2. Geological Setting and Lithostratigraphy

New Zealand started its formation as a micro-continent that had broken off from Gondwana. The micro-continent was rifted before seafloor spreading between Australia, New Zealand and Antarctica, and again before the opening of the Tasman Sea in the Late Cretaceous. The rifting of the Tasman Sea ceased during the Palaeocene. From that time until the end of the Oligocene, the New Zealand micro-continent subsided gradually [8]. Twenty-five million years ago, the present-day system of New Zealand was initiated [9].
The area of interest, the Taranaki Basin (Figure 1), which is well-known for its hydrocarbon play in New Zealand, is located laterally on the western side of the North Island [10]. The formation of the basin began during the late Cretaceous, when Australia and Zealandia were separated by the breakup of Gondwana, which resulted in the formation of the Tasman Sea and the extensional basins around the New Zealand subcontinents [11]. As the Taranaki Basin was initiated, it formed en échelon (in order) a series of extensional half grabens [12]. The basin is shaped by multiple episodes of deformation, which include the Late Cretaceous-Paleocene fault controlled rift transform, the Eocene-Early Oligocene passive contractional margin, and the Oligocene-Recent active margin [13,14].
The main structure of the Taranaki Basin can be divided into two parts (Figure 1): (I) The Western stable platform; and (II) The Eastern mobile belt [7]. The Western stable platform covers the area from the Cape Egmont fault zone in the west to almost the continental shelf edge. It is characterized by its wide, simple, and relatively undeformed structure and stratigraphy aged from the Late Cretaceous to present day sediments. The sedimentary sequence has largely been undisturbed since the late Eocene [15]. Between a relatively stable platform and the mobile belt lies the Cape Egmont fault zone, which separates both platforms, trending north to northeast. The Eastern mobile belt comprises the Southern Inversion Zone, Central Graben, Manaia Graben, and Northern Graben. The platform trends from north to south with its eastern side largely affected by the compressional forces that formed features such as the Tarata Thrust Zone [16].
The generalized stratigraphy of the Taranaki Basin consists of several groups, and each group has several petroleum-bearing formations of different ages (Figure 2). These groups are the Pakawau Group, Kapuni Group, Moa Group, Ngatoro Group, Wai-iti Group, and Rotokare Group from the Late Cretaceous to the Pleistocene [1]. The formation of interest is called the McKee Formation, and belongs to the Kapuni Group. The formation (38–33 Ma) has been interpreted as Late Eocene, with thicknesses commonly less than 100 m (Figure 2 and Figure 3). A stratigraphic cross-section between the four selected wells (McKee 4, McKee 6A, Pukemai-1 and Tuhua-1) in the McKee field has been made to show the lateral extension of the McKee Formation and other formations (Figure 3). This field can be found developed within the Tarata Thrust Zone (Figure 1), located 14 km southeast of Waitara.

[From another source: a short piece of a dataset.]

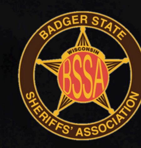
Wisconsin Badger State Sheriffs' Association

The McKee Formation reservoir is a fairly uniform sand body that dips steeply at an angle of up to 60°, and hydrocarbons are structurally trapped in the NS-trending individual fault-bound blocks [17,18]. The depositional environment for the McKee Formation has been inferred to be transitional, from the shallow marine inner-shelf to the coastal deposits [1,19].

3. Materials and Methods

3.1. Sedimentological and Petrographical Analysis

A complete data set was provided by GNS Science (Lower Hutt, New Zealand) and the Ministry of Business, Innovation, and Employment of New Zealand. These data include the conventional well log data and petrophysical analysis results (porosity and permeability). Thin section photomicrographs were also provided for sedimentological and petrographical descriptions. Thin section petrography was carried out on several samples obtained from different wells in the study area, including McKee 4 at depths of 2355 m, 2368 m, 2401 m, and 2463 m; McKee 5A at a depth of 2328 m; McKee 6A at depths of 2173 m, 2184 m, 2217 m, and 2240 m; and Tuhua-1 at depths of 2251 and 2256 m were provided. However, only selected samples from these wells (Table 1) were used to investigate the diagenetic features that affect reservoir quality. All the data were given with full permission for analysis, interpretation, and publication.

3.2. Well Log Analysis

A total of seven wells from the McKee oil and gas field were selected for the evaluation of hydrocarbon potential for Late Eocene McKee sandstone (Figure 1). The types of data used for interpretation consisted of open-hole conventional logs such as total gamma ray (GR), shallow and deep resistivity logs (spherically focused resistivity log (SFLU), shallow resistivity (RESS), medium resistivity (RESM) and deep resistivity (RESD), sonic log (DTC), Neutron (NPHI), and Density (RHOB). The McKee Formation encountered these logs at the intervals of 2345.5–2464 m for McKee 4, 2369–2422 m for McKee 5, 2280.5–2359 m for McKee 5A, 2164–2243 m for McKee 6A, 2211–2243 m for Pukemai-1, 2228–2303.5 m for Tuhua-1, and 2258–2337 m for Tuhua-2B.
Well log analysis of the reservoir rocks was accomplished by Interactive Petrophysics (Schlumberger Limited, Houston, TX, USA) and Neuralog software (Neuralog Inc., Houston, TX, USA). By utilizing the software, three important petrophysical parameters (shale volume, porosity, and water saturation) of the reservoir rocks were interpreted. The shale volume was calculated from the single log (gamma ray and resistivity) and double log indicators (combination of neutron and density log) [20]. Additionally, zoning of the shale zone was conducted to delineate the reservoir sand zone from the non-reservoir zone to prevent the overestimation of porosity and water saturation [21]. The minimum results of the indicators were then chosen from the three shale indicators of gamma ray, neutron-density, and resistivity. By using the cross-plot of density porosity against neutron porosity, the type of shale habitat was computed, where it was later used in the parameter input of porosity and water saturation interpretation [22]. The porosity model was estimated by using the combination of neutron density logs, while water saturation was computed based on the type of shale distribution found within the sand zones [23]. Subsequently, cut-offs were applied to eliminate the non-reservoir sand zone with Φ < 0.1, Vcl > 0.5, and Sw > 0.5 to obtain the net pay values of the reservoir from the wells.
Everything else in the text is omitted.